Moungi Bawendi wins 2023 Nobel Prize in Chemistry

MIT News

Congratulations to Moungi Bawendi, the Lester Wolfe Professor of Chemistry, on winning the 2023 Nobel Prize in Chemistry! Bawendi shares the prize with Louis Brus of Columbia University and Alexei Ekimov of Nanocrystals Technology for pioneering the development of quantum dots. These semiconducting nanocrystals emit exceptionally pure light and have been deployed in computer and television displays and biomedical imaging. Bawendi has collaborated with Koch Institute member Linda Griffith and former administrator W. David Lee ’69 on the Lumicell Imaging System, a low-cost single-cell imaging technology for eliminating residual cancer cells during tumor resection. Supported in its early stages of development by the Koch Institute Frontier Research Program through the Kathy and Curt Marble Cancer Research Fund, the system was pairs an injectable contrast agent with a hand-held, single-cell resolution imager to scan surgical margins for residual cancer cells.
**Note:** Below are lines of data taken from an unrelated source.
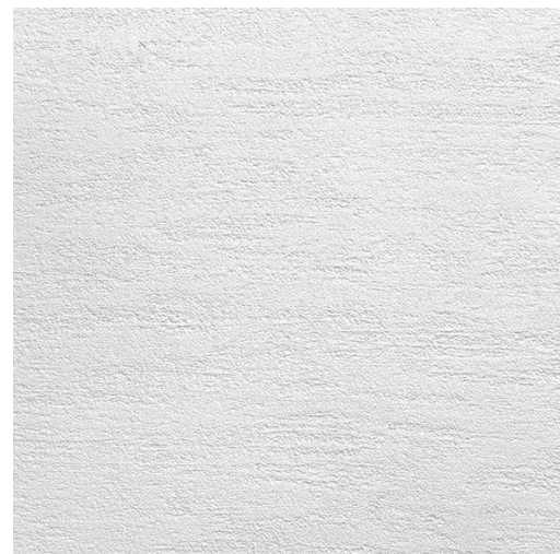
フレスコ 仕上厚:3mm 木ゴテで横引き模様をつけ、金ゴテで表面を押さえた仕上げ。
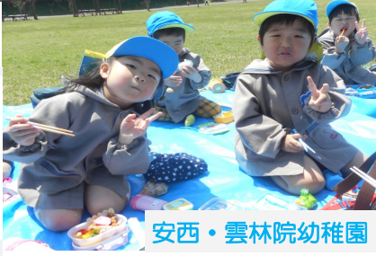
安西・雲林院幼稚園
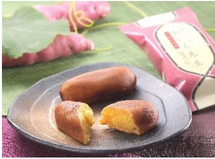
【千葉市】オランダ家（おいも先生）
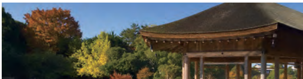
奈良電業協会 役員名簿
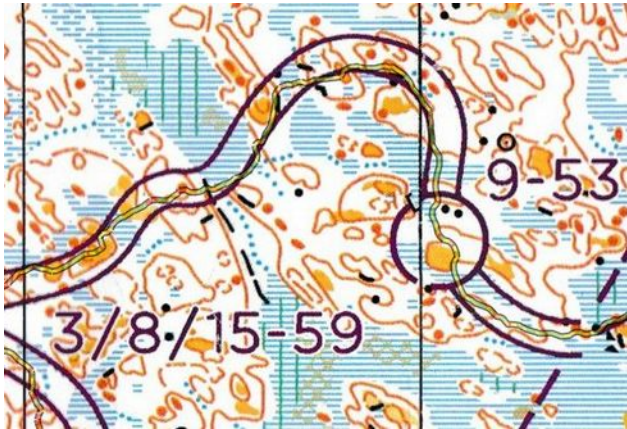
Corridor: zo moet het wel

En dan was achter in het bos. Dan maar een paar stukjes over laten voor een volgende keer. Gelukkig bleek de meerderheid in een soortgelijke situatie te zitten. Die volgende keer kwam al snel, want diezelfde namiddag al kon er revanche op de kaart genomen worden. Diegenen die meer vertrouwen wilden tanken, gingen terug naar de kaart van gisteren.
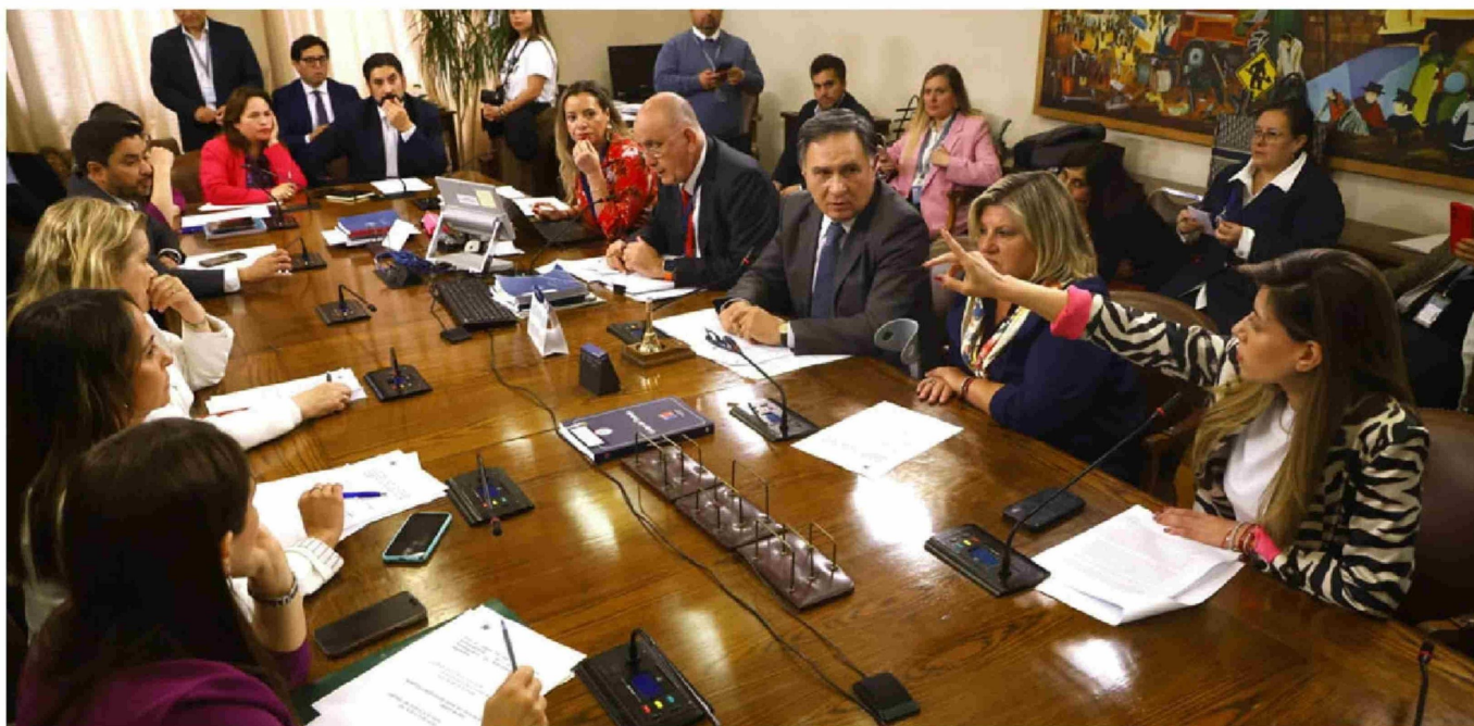
► Hasta el 30 de enero tiene plazo la comisión para dilucidar las responsabilidades políticas en el manejo de la crisis que generó la denuncia contra Manuel Monsalve.

La censura en contra del diputado Miguel Mellado (RN) fue rechazada este lunes, sin embargo, las tensiones dentro de la instancia permanecen y algunos temen que la indagación parlamentaria no arroje resultados satisfactorios.
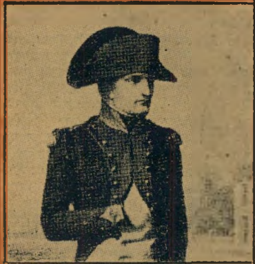
8. כובע זה היה נהוג בתקופה בה הוטבעו המטבעות: (א) דראכמות (ב) נאפוליאונים (ג) פלעים
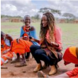
Leyla Hussein zu Gast bei den Masai
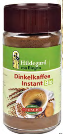
Špalda (Triticum spelta)

The system is now on the fast track to FDA approval, and could help eliminate the need for repeat cancer surgeries, reduce the incidence of relapse, and lower healthcare costs.

Targeting Titans of Transcription

MIT News

A signature technology from Angela Koehler is a low-cost screening tool for studying how transcription factors—proteins that regulate gene expression—interact with each other, and identifying compounds that modulate them. Beyond her lab, the platform contributes to translational work in her startup, Kronos Bio, which is now conducting clinical trials targeting MYC, a transcription factor whose dysregulation helps drive multiple cancers.

Blending Biology and AI

MIT News

Machine learning, AI and molecular biology come together for Yaffe Lab undergrad Charvi Sharma in Course 6-7, one of four new majors integrating data science with a second field. Sharma sees computer science and medicine dovetail through her work as an undergraduate researcher to understand how signaling pathways contribute to a cell’s ability to escape from cell cycle arrest after DNA damage. The data science and analysis skills she has honed through computer science courses help her understand and interpret the results of her research. She expects those same skills will prove useful in her future career as a physician.

Takara BioView Interviews Yadira Soto-Feliciano

Takara BioView Blog

Yadira Soto-Feliciano talks to Takara BioView, which celebrated National Hispanic Heritage Month with interviews Hispanic scientists who have made significant contributions to our understanding of health and disease. Her advice to young scientists is to embrace their identity, because “it’s bringing something different to the table—particularly in science which has historically been very homogeneous. It’s really important to bring people with accents, people that look different, people with different experiences, because that's where innovation will happen.”